To check that you can add data to ADQM from ADB, follow the steps:

  1. Connect to the default database of the ADQM cluster under the default user (for example, via clickhouse-client). Create the following tables in the given order.

    • The test_local local table:

      CREATE TABLE test_local ON CLUSTER default_cluster
      (
          id Int32,
          value_string String
      )
      ENGINE = ReplicatedMergeTree('/clickhouse/test/shard-{shard}', 'replica-{replica}')
      ORDER BY id;
    • The test_distr distributed table:

      CREATE TABLE test_distr ON CLUSTER default_cluster AS default.test_local
      ENGINE = Distributed(default_cluster, default, test_local, rand());
  2. Connect to the adb database of the ADB cluster under the gpadmin user (for example, via psql). Create the following objects in the given order.

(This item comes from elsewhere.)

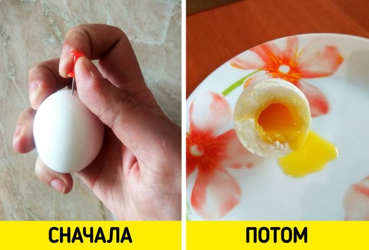 Сварить идеальное яйцо всмятку можно, если бросить его в кипящую воду и засечь 5–7 минут в зависимости от размера. Но яйца часто трескаются в горячей воде. Чтобы этого избежать, достаточно проколоть скорлупу с тупого конца на 2–3 мм. Есть даже специальное устройство, но в его отсутствие можно воспользоваться канцелярской кнопкой.

    • The clickhouse_server server:

      CREATE SERVER clickhouse_server
      FOREIGN DATA WRAPPER tkh_fdw
      OPTIONS (
      	database 'default',
      	hosts 'dev-adqm-01:8123, dev-adqm-02:8123, dev-adqm-03:8123, dev-adqm-04:8123',
      	distribution_type 'random',
      	lines_batch_size '100000',
      	send_compressed 'true',
      	send_delay '300',
      	insert_distributed_sync 'true',
      	use_staging 'true',
      	staging_table_name_format '$_tmp_$');
    • The user mapping for the gpadmin user:

      CREATE USER MAPPING FOR gpadmin
      SERVER clickhouse_server
      OPTIONS (clickhouse_username 'default', clickhouse_password '');
    • The tkhemali_test foreign table:

      CREATE FOREIGN TABLE tkhemali_test (id INT, value_string TEXT)
      SERVER clickhouse_server
      OPTIONS (resource 'test_distr',
      	hosts 'dev-adqm-01:8123',
              cluster 'default_cluster');
      IMPORTANT

      Since the cluster option is defined, the work will be essentially produced with the hosts obtained from the ADQM cluster metadata. Due to this, remember to overwrite the hosts option value defined for clickhouse_server at the server level and leave only one host in the option value at the table level.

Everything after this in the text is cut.